See Exit codes for the full list.

Arbitrum snapshot bundle

Arbitrum publishes Nitro chain snapshots as multi-part archives: pruned.tar.part0000 through pruned.tar.partNNNN, each ~5–15 GiB, totalling 200–500 GiB depending on chain and pruning mode. Per-part SHA-256s are published in a manifest.

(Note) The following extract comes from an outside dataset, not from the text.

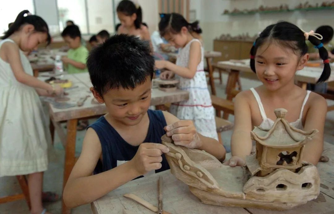 孩子们在南京玄武少年宫学习陶艺(2004年7月22日摄)。新华社记者 徐澎 摄
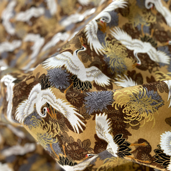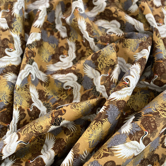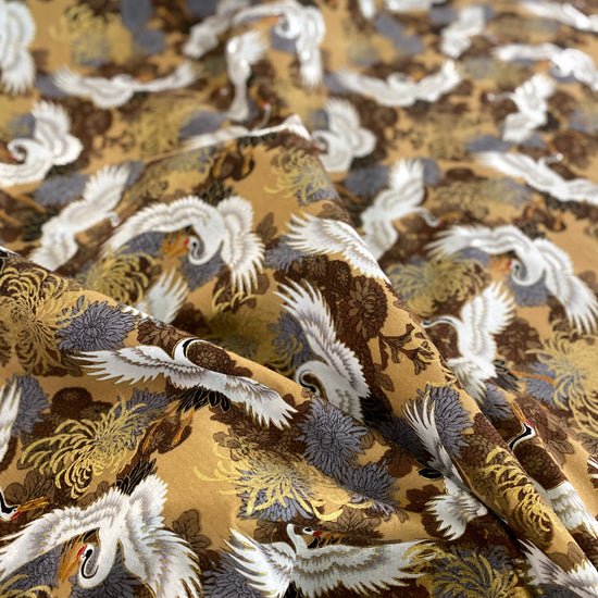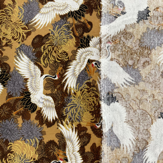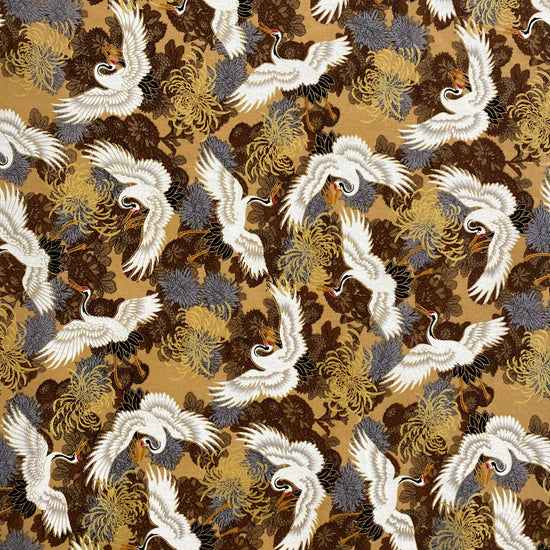 Crane & Chrysanthemum Cotton Broadcloth - White/Fawn

This workload uses peel's multi-part URL path. The bundled scripts/arb-snapshot.sh in the repo wraps it.

The manual version

peel \
  https://snapshot.arbitrum.io/nova/2026-04-26-7efe0f23/pruned.tar.part0000 \
  https://snapshot.arbitrum.io/nova/2026-04-26-7efe0f23/pruned.tar.part0001 \
  https://snapshot.arbitrum.io/nova/2026-04-26-7efe0f23/pruned.tar.part0002 \
  ... \
  --sha256 0a8de6e83fd8ba040fd052fd8d4fd0e009a9736ace5cb32bb2abd4ac6a61725d \
  --sha256 1bcf4d2e9aa01ff5e8aa72a2ab39310af020bdb6f76d6f7c75c7c14ade38c6ce \
  --sha256 c40bf8a2cb9d9a90e4c80a5b7c6e9c5d3b8a2e1f9d4a6c1b7e2f8d3a5c0b9e1f0 \
  ... \
  -o ./nova-out/

The byte-concatenation of every URL's body is decoded as one logical pruned.tar, written into ./nova-out/. Per-part hashes are verified at each part boundary as the decoder advances.

Via a manifest file

For chains with dozens of parts, a per-line manifest is cleaner:

# nova-volumes.txt
https://snapshot.arbitrum.io/nova/2026-04-26-7efe0f23/pruned.tar.part0000
https://snapshot.arbitrum.io/nova/2026-04-26-7efe0f23/pruned.tar.part0001
https://snapshot.arbitrum.io/nova/2026-04-26-7efe0f23/pruned.tar.part0002
# ... etc
peel @nova-volumes.txt -o ./nova-out/

For hashes, generate a --sha256 arg list from the published manifest:

peel @nova-volumes.txt \
  $(jq -r '.parts[] | "--sha256 \(.sha256)"' nova-manifest.json) \
  -o ./nova-out/

Disk math

A typical Nitro Nova snapshot:

  • Total compressed (sum of all parts): ~120 GiB
  • Extracted: ~340 GiB

With peel, peak disk = extracted_size + lookahead_window~341 GiB. The --max-disk-buffer default (1 GiB) bounds the compressed-side window.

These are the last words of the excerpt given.